In case of both buybacks & open offers, the shareholders are offered an option to sell their shares…

What is the difference between a buyback and an open offer?-Rakesh Ojha

In both cases, shareholders are offered an option to sell their shares. In case of a buyback, it is the company that offers to buy shares from the open market. Investment banks are entrusted with the job. They buy the shares at existing prices and later nullify them. Post buyback the outstanding number of shares of a company decreases.
Many companies favour this method of transferring cash to investors, as in case of dividend payment dividend distribution tax has to be paid. Buybacks are also used by promoters as a tool to cement their stake in the company. If they do not sell their shares, their shareholding as a percentage of outstanding shares goes up.

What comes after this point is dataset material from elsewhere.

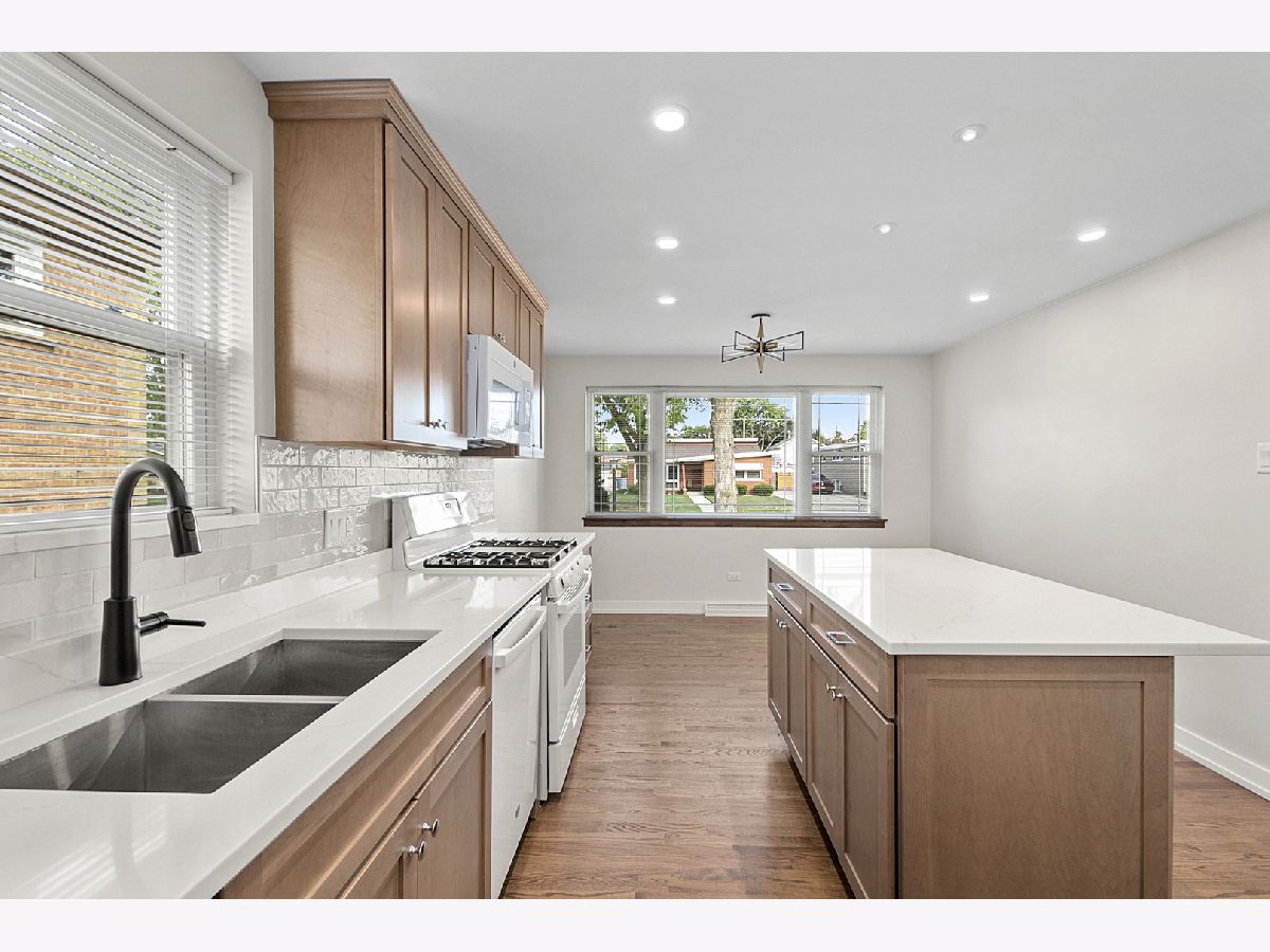 Beautiful Updated Juliet Split Level in Oak Lawn. Recent improvements include Refinished Hardwood Flooring, Recessed Lighting, Interior/Exterior Doors and Mouldings. Open Layout includes Remodeled Kitchen with Maple Cabinetry, Quartz Countertops and Ceramic Subway Tile Backsplash. Center Island with seating. Three Spacious Bedrooms with New Ceiling Fans. Two Full Bathrooms have been completely renovated including New Tile, Toilets, Vanities and Fixtures. Lower Level Family Room includes New Vinyl Plank Flooring and Wood Burning Fireplace. New Tankless Water Heater, Sump Pump and Waterproofing completed in 2024. All New Windows, Tuckpointing, and Newer Roof & HVAC. This is a LOVELY Home, located in school district 123/Kolmar and two blocks over from Saint Catherine School. Sold before print.

Open offers are generally offered by an acquiring company to shareholders of a company that is being acquired. This allows the latter to get the necessary shareholding for completing its acquisition. Shareholders are given the choice to tender their shares. Unlike a buyback here the shares just change hands but are not nullified.
A crucial difference between the two in India is in tax treatment. Long-term capital gains tax is nil if securities transaction tax (STT) has been paid when shares exchange hands. Since an open offer transaction is an off-market transaction, no STT is paid on it. Such a transaction is not exempt from long-term capital gains tax. The gains are taxed at 10 per cent without indexation or 20 per cent with indexation.